Issue 1: “curl: (6) Could not resolve host (CoreDNS)” vs. “503 Service Temporarily Unavailable (Ingress)”

Cause: You attempt to communicate across microservices or access web applications, but encounter DNS resolution failures or Ingress drops.
Diagnosis & Solution:
- Could not resolve host: Your application is attempting to reach http://production-database, but CoreDNS cannot find a Service with that name in the active namespace! To fix, verify the exact Service name using kubectl get svc, or provide the full FQDN if the Service lives in a different namespace (production-database.database-ns.svc.cluster.local)!
- 503 Service Temporarily Unavailable: The Ingress controller successfully received your external web request, but when it inspected the routing rules, the target Service completely lacked healthy Endpoints (e.g., all backend Pods crashed or failed their Readiness probes)!

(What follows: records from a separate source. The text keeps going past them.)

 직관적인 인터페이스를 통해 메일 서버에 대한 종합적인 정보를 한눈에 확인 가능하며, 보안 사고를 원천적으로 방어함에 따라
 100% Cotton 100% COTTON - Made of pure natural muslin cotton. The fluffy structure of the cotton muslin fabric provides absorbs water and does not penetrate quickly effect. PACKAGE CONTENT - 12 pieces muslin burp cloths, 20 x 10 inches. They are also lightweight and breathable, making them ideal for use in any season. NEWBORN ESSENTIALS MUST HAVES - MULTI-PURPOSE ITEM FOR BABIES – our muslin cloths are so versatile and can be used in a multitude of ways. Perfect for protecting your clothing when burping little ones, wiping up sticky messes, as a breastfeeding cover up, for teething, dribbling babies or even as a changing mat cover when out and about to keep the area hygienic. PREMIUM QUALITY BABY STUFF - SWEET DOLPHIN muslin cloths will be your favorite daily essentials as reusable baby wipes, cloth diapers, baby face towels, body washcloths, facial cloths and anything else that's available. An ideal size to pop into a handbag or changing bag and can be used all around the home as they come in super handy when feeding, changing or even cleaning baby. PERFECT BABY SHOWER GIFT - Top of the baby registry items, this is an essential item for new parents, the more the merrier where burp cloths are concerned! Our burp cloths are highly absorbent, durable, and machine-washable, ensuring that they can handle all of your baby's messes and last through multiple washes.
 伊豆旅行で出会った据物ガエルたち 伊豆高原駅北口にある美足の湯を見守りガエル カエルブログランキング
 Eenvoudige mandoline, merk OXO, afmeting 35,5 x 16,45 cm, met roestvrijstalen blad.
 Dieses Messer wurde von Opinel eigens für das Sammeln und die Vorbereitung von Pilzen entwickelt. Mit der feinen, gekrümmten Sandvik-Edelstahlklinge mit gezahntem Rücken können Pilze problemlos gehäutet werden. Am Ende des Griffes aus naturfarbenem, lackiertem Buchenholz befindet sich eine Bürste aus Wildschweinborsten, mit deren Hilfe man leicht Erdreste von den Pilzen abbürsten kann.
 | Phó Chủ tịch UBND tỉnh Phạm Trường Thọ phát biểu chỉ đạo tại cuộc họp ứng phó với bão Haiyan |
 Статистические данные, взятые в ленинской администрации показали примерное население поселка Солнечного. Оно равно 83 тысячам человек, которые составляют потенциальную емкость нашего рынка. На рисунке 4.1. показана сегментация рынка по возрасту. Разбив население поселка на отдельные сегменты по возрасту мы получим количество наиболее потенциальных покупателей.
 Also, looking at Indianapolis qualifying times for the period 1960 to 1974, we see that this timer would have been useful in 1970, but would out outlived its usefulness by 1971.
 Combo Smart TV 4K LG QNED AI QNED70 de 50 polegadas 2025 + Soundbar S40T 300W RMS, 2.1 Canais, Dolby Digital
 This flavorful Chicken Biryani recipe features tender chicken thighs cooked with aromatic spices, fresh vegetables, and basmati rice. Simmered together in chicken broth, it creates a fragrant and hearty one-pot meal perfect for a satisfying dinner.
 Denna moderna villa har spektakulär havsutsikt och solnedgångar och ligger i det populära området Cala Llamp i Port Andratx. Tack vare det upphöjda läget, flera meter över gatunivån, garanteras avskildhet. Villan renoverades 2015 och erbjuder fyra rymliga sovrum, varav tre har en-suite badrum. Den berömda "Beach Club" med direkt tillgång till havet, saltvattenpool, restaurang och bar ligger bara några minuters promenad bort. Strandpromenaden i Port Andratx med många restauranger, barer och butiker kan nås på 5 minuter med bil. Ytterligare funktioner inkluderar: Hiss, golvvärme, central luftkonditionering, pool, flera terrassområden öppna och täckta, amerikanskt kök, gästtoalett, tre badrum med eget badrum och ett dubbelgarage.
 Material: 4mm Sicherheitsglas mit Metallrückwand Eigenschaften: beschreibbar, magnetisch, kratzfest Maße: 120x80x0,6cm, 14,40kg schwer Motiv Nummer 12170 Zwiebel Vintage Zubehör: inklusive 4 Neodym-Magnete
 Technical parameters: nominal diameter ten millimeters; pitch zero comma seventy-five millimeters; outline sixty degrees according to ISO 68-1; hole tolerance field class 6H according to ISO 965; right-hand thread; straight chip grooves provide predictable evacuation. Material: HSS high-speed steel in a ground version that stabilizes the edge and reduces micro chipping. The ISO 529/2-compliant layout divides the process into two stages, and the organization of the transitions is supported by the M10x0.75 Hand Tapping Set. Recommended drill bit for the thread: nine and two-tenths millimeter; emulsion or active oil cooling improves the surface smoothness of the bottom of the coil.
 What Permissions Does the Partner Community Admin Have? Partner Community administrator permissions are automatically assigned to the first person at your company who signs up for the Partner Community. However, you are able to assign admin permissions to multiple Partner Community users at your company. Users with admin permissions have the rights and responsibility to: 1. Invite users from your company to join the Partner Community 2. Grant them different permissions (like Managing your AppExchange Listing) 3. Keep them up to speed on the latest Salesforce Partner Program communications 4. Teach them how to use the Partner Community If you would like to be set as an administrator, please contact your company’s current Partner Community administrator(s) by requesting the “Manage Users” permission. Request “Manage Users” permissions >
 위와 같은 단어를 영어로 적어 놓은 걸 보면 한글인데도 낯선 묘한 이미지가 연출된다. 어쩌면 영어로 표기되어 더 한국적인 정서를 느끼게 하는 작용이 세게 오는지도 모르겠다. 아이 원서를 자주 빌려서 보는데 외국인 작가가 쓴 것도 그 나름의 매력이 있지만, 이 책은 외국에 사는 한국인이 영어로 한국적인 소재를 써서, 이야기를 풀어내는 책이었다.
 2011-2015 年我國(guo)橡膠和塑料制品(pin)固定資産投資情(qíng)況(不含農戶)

To fix, inspect kubectl get pods and debug the failing backend containers!

Summary

Ephemeral Pod IPs vanish when Pods restart; Services provide stable virtual IP addresses (ClusterIP) that never change.
ClusterIP is internal only; NodePort opens static ports (30000-32767); LoadBalancer provisions physical cloud load balancers.
CoreDNS resolves Fully Qualified Domain Names (FQDNs: service.namespace.svc.cluster.local).
EndpointSlices capture physical Pod IPs matching a label selector; kube-proxy writes iptables rules to forward packets.
Ingress Controllers consolidate cloud load balancers using Layer 7 HTTP routing rules.
The Gateway API decouples gateway infrastructure (Gateway) from application routing rules (HTTPRoute).

Cheat Sheet

# Retrieve all active Services in your cluster and display their ClusterIPs and ports
kubectl get svc -o wide
 
# Retrieve all active EndpointSlices to verify physical Pod IP bindings for a Service
kubectl get endpointslices -l kubernetes.io/service-name=[service_name]
 
# Describe detailed routing rules, label selectors, and Endpoints for a Service
kubectl describe svc [service_name]
 
# Retrieve all active Ingress resources and display their associated external load balancer IPs
kubectl get ingress -o wide
 
# Retrieve active Gateway API resources (Gateways and HTTPRoutes) in your cluster
kubectl get gateways,httproutes -o wide

Knowledge Check

Multiple Choice Questions

A developer deploys a Python API Pod and a PostgreSQL database Pod into the default namespace. They inspect kubectl get pods -o wide, note that the database Pod has IP 10.244.1.55, and hardcode DB_HOST=10.244.1.55 inside the Python application configuration. The database Pod crashes and is rescheduled by its Deployment onto a new worker node with IP 10.244.2.99. What is the correct architectural evaluation of this setup?
- A) The setup will survive because Kubernetes automatically updates hardcoded environment variables inside running Pods.
- B) The setup is a catastrophic operational failure! Pod IPs are ephemeral and change upon restart. Because the Python API is hardcoded to the old dead IP, all database queries will fail. The developer must create a ClusterIP Service (my-database) and configure the Python API to connect to the stable DNS name my-database.default.svc.cluster.local.
- C) The developer forgot to use docker compose.
- D) The setup requires chmod 777.

Scenario Questions

You have deployed a microservice into the analytics namespace and created a ClusterIP Service named data-engine. Another team deploys a reporting dashboard into the frontend namespace and configures it to query http://data-engine:8080. The dashboard team reports that all network requests fail with Could not resolve host: data-engine. Based on what you learned in this lesson, why did CoreDNS fail to resolve this hostname, and what exact string modification must the dashboard team make to their configuration?

Short Answer Questions

Explain why the modern Gateway API (Gateway and HTTPRoute) is architecturally superior to legacy Ingress resources for large enterprise organizations with dedicated Platform Engineering and Application Development teams.

Interview Preparation

Beginner Questions

What is a Kubernetes Service?
What is the difference between ClusterIP, NodePort, and LoadBalancer?
What is the role of CoreDNS?

Intermediate Questions

Explain how kube-proxy utilizes EndpointSlices to forward network packets to Pods.
What is the difference between port and targetPort in a Service manifest?

Advanced Questions

Explain how kube-proxy running in IPVS mode achieves vastly superior network routing performance and scalability over legacy iptables mode in massive clusters containing over 10,000 Services, and describe how externalTrafficPolicy: Local preserves client source IP addresses in type: LoadBalancer Services.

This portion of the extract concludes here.